Il prezzo di questa ri-conoscibilità globale è l’elisione delle differenze: la storia equivale alla Storia, la realtà sfuma nella finzione (e viceversa!), le città si somigliano tutte, così come maschio e femmina, scienza e religione. Le grandi questioni del sacro femminino e dell’etica della pratica scientifica sono risolteda un eroe che tutto comprende, tutto ottiene, tutto vince.

Un’altra dimensione di fondamentale importanza per la narrativa di Brown è il suo potenziale adattativo transmediale, caratteristica comune a molti prodotti del mercato globalizzato della comunicazione letteraria. Libri che sono già sceneggiature cinematografiche, o che dal cinema e dalla TV (e anche dai nuovi media) hanno ormai mutuato tecniche, caratterizzazioni, linguaggi, effetti speciali. Come la saturazione ipercromatica cui assistiamo in certe serie TV poliziesche, o la concentrazione segnica dei parchi tematici. Mondi in realtà aumentata.

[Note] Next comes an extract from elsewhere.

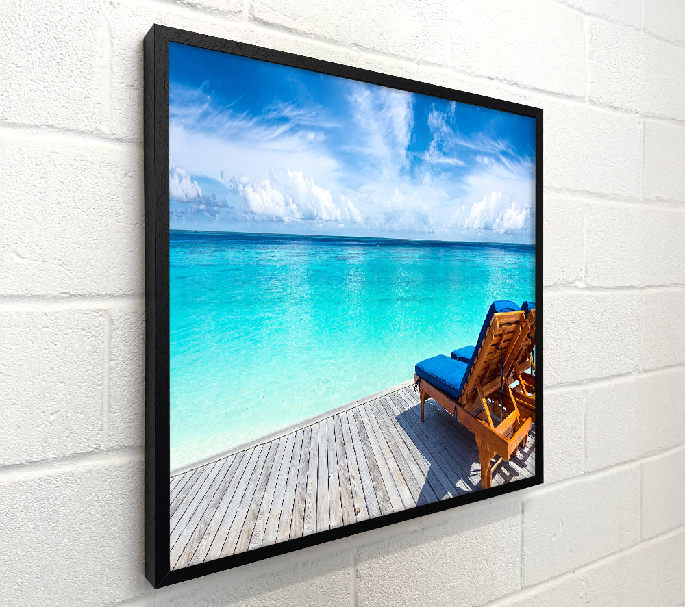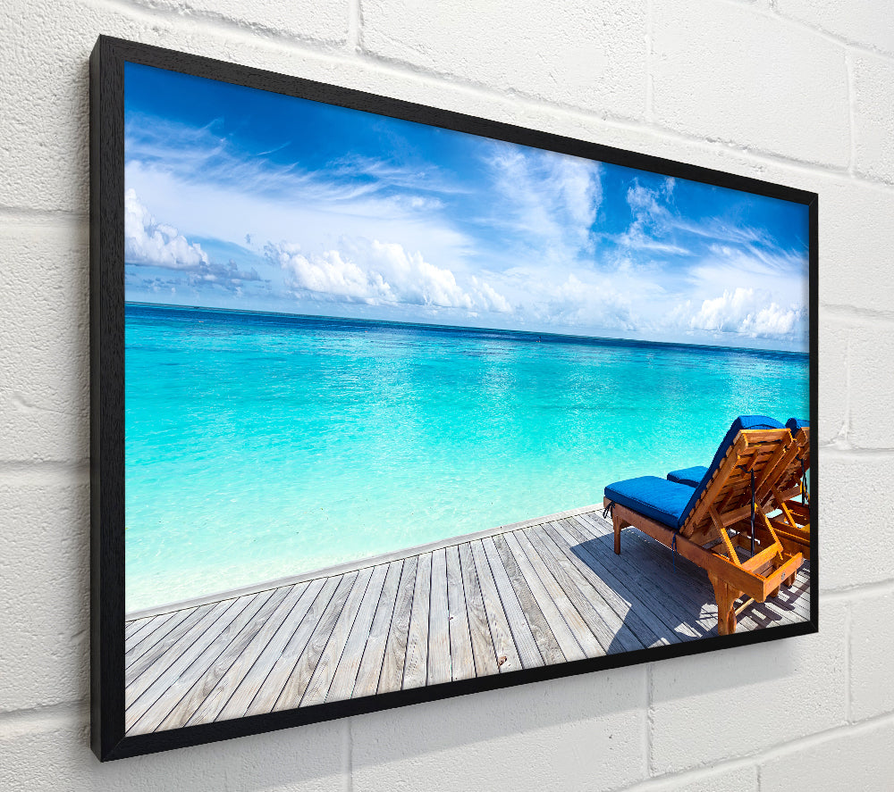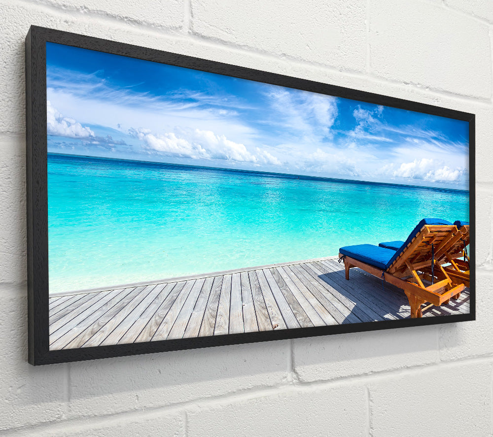sunchairs on decking on the beach

In che modo è possibile applicare le teorie sul Mind Reading?
Le teorie sul Mind Reading (o Teoria della Mente), cioè la facoltà di intuire il pensiero e le emozioni altrui (ed eventualmente condividerle empaticamente), sono sovente applicate nell’ambito degli studi sui disturbi dello spettro autistico, condizione che registra le scarse competenze sociali dei soggetti e la loro predilezione per narrazioni fortemente connotate in senso fattuale. Numerosi esperimenti di natura clinica o esplorativa sono a tutt’oggi condotti anche in Italia con una speciale attenzione alle narrazioni e ai meccanismi della loro comprensione e produzione, in particolare nelle età infantili.

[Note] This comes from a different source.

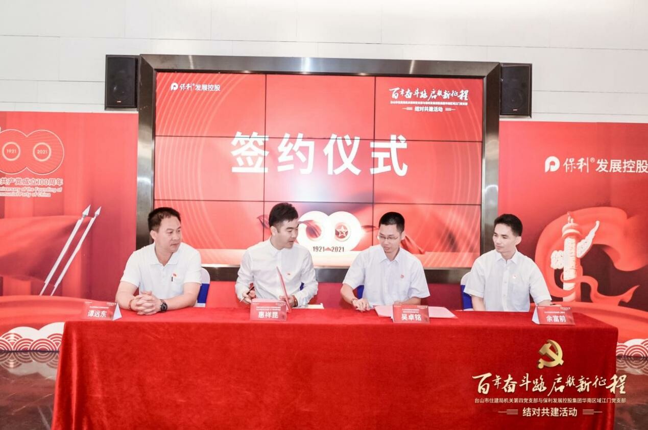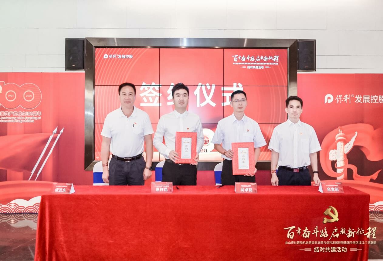 双方经友好协商,中共台山市住建局机关第四党支部和中共保利发展控股集团股份有限公司华南区域江门党支部结对为党建共建单位,并就双方今后的党建共建活动达成协议。在市直机关工委书记谭远东和市住建局党组成员、副局长余富前的见证下,中共台山市住建局机关第四党支部书记吴卓铭和中共保利发展控股集团股份有限公司华南区域江门党支部书记惠祥昆上台签署了结对共建协议书。

In ambito letterario, la critica americana Lisa Zunshine sostiene che il nostro immedesimarci senza pericolo in uno scenario sociale con opportunità e rischi costituisca il motivo principale del nostro leggere romanzi. La fiction sarebbe cioè un campo di prova per esercitare questa straordinaria facoltà sociale. Che non è solo umana, pare, ma che nella specie umana sarebbe stata affinata dall’evoluzione in modo estremamente sofisticato, come affermano alcuni critici (ad esempio Boyd e Gottschall), contribuendo a sua volta allo sviluppo di potenziali cognitivi/emotivi esclusivi della nostra specie.

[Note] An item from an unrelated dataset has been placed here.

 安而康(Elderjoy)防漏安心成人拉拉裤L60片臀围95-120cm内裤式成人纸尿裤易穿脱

Se questo fosse vero, si aprirebbero notevoli possibilità per una ridefinizione dei presupposti deittici e retorici del genere romanzo (e perché non di altri generi?) e dei suoi sottogeneri, dalla crime fiction al romanzo modernista, ciascuno elaborato e goduto per corrispondere finzionalmente a scenari connotati evolutivamente: la difesa dai predatori, la scelta di un partner, e così via. Su di un piano metaletterario, infine, lo sforzo implicito che produciamo per comprendere la mente di un artista vissuto magari qualche secolo fa va sicuramente ascritto alla dimensione del Mind Reading.